The term “hack” was pejorative before it was cool, and to some audiences, it may undermine the value of quick, temporary, and informal design innovations, said Faiza Moatasim, an assistant professor in urbanism and urban design at the University of Southern California School of Architecture. “There’s a hierarchy built into this term. Why ‘design hacks’ versus just ‘design’?”

A diagram documenting effective restaurant reopenings
MASS’s reports also urges restaurants to reconsider pathways for delivery, cooking and exhaust, and waiting and seating. (Courtesy MASS Design Group)

Moatasim’s ongoing research on informal urbanism and temporary spaces leads her nonetheless to agree with the gist of what Antonelli and Rawsthorn are pointing out, with potential consequences for city life. “The difference between formal and informal realms in urban design does not exist anymore. The two are entwined. Governments and planners use informal and improvisational strategies to design and develop cities, while street hawkers and squatters engage with formal systems to survive. This is already happening in cities across the global south, but I think we are now going to see more improvisational urbanism here in the U.S.”

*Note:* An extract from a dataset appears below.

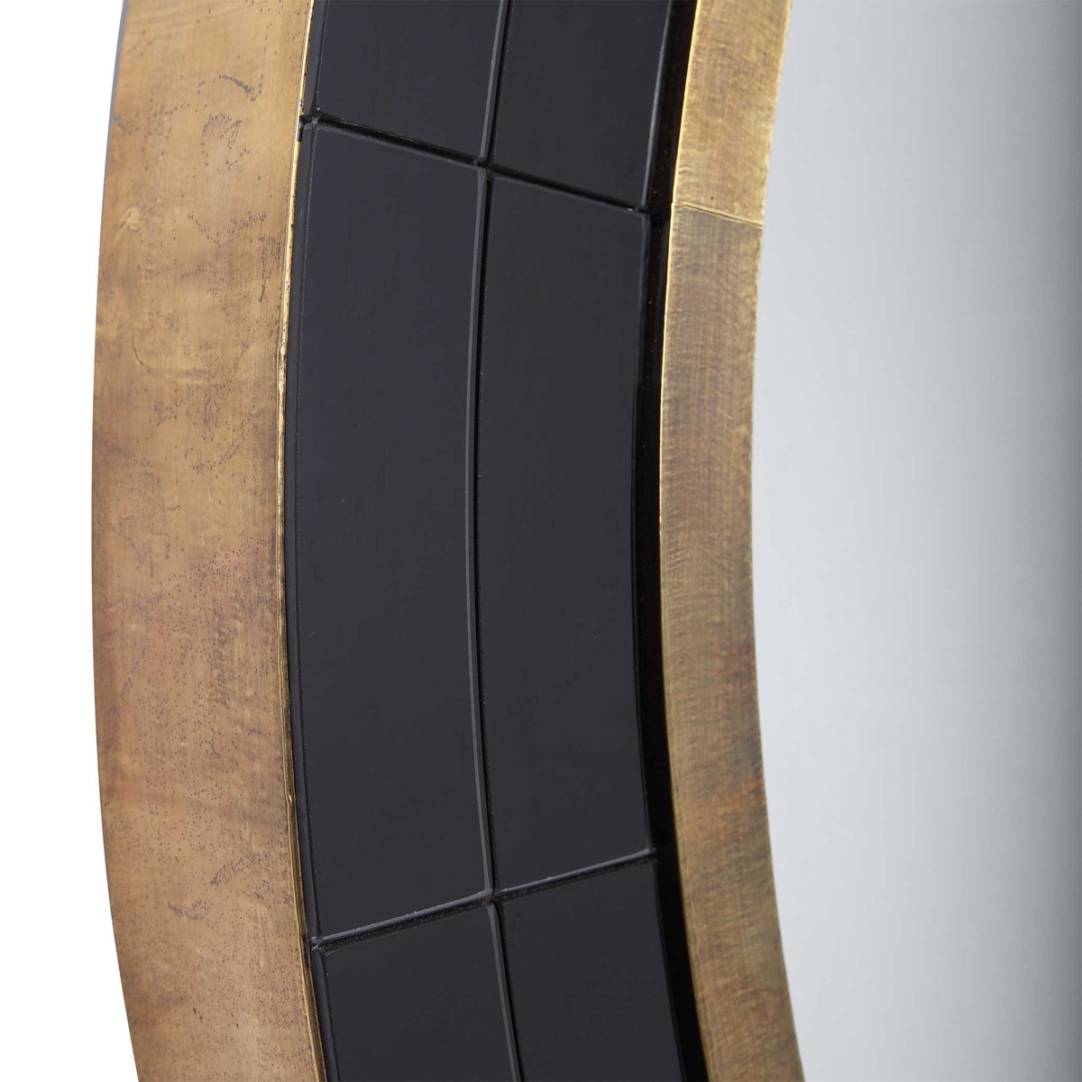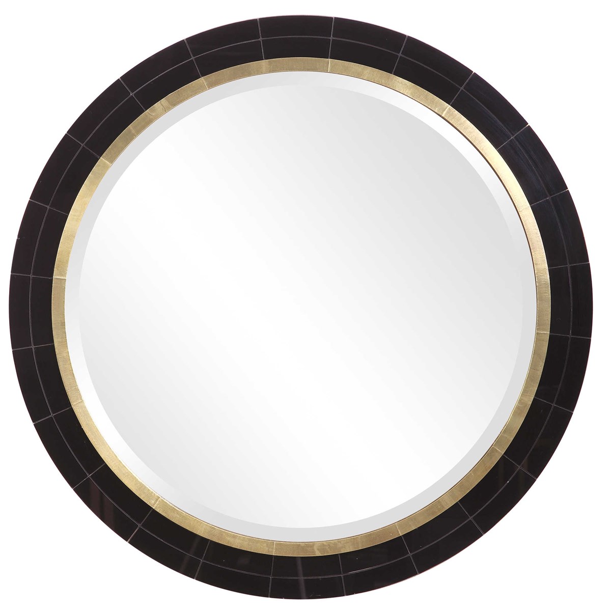 Зеркало Nayla Round от американского бренда Uttermost - это элегантное и стильное круглое зеркало, которое придаст вашему интерьеру изысканный вид. Его рама выполнена из черной зеркальной плитки, которая придает ему изысканность и таинственность. Металлический лист с античной латунной отделкой добавляет детали утонченности и роскоши.

As evidence, Moatasim cited the temporary markings and retrofits seen in hospitals and shops and on streets and sidewalks in the wake of COVID-19. “The exciting thing is that sometimes these temporary measures can lead to a meaningful impact in the long term,” she said.

Makeshift and experimental solutions, seen as prototypes, can drive better design in the future. Ideas can come from anyone or anywhere, but smart and equitable design research requires asking good questions, listening, and observing carefully, and working collaboratively. If necessity is the mother of invention, it is also the progenitor of research, invention’s quiet but indispensable sibling.

Gideon Fink Shapiro is a New York–based critic and author on architecture, urbanism, and landscape.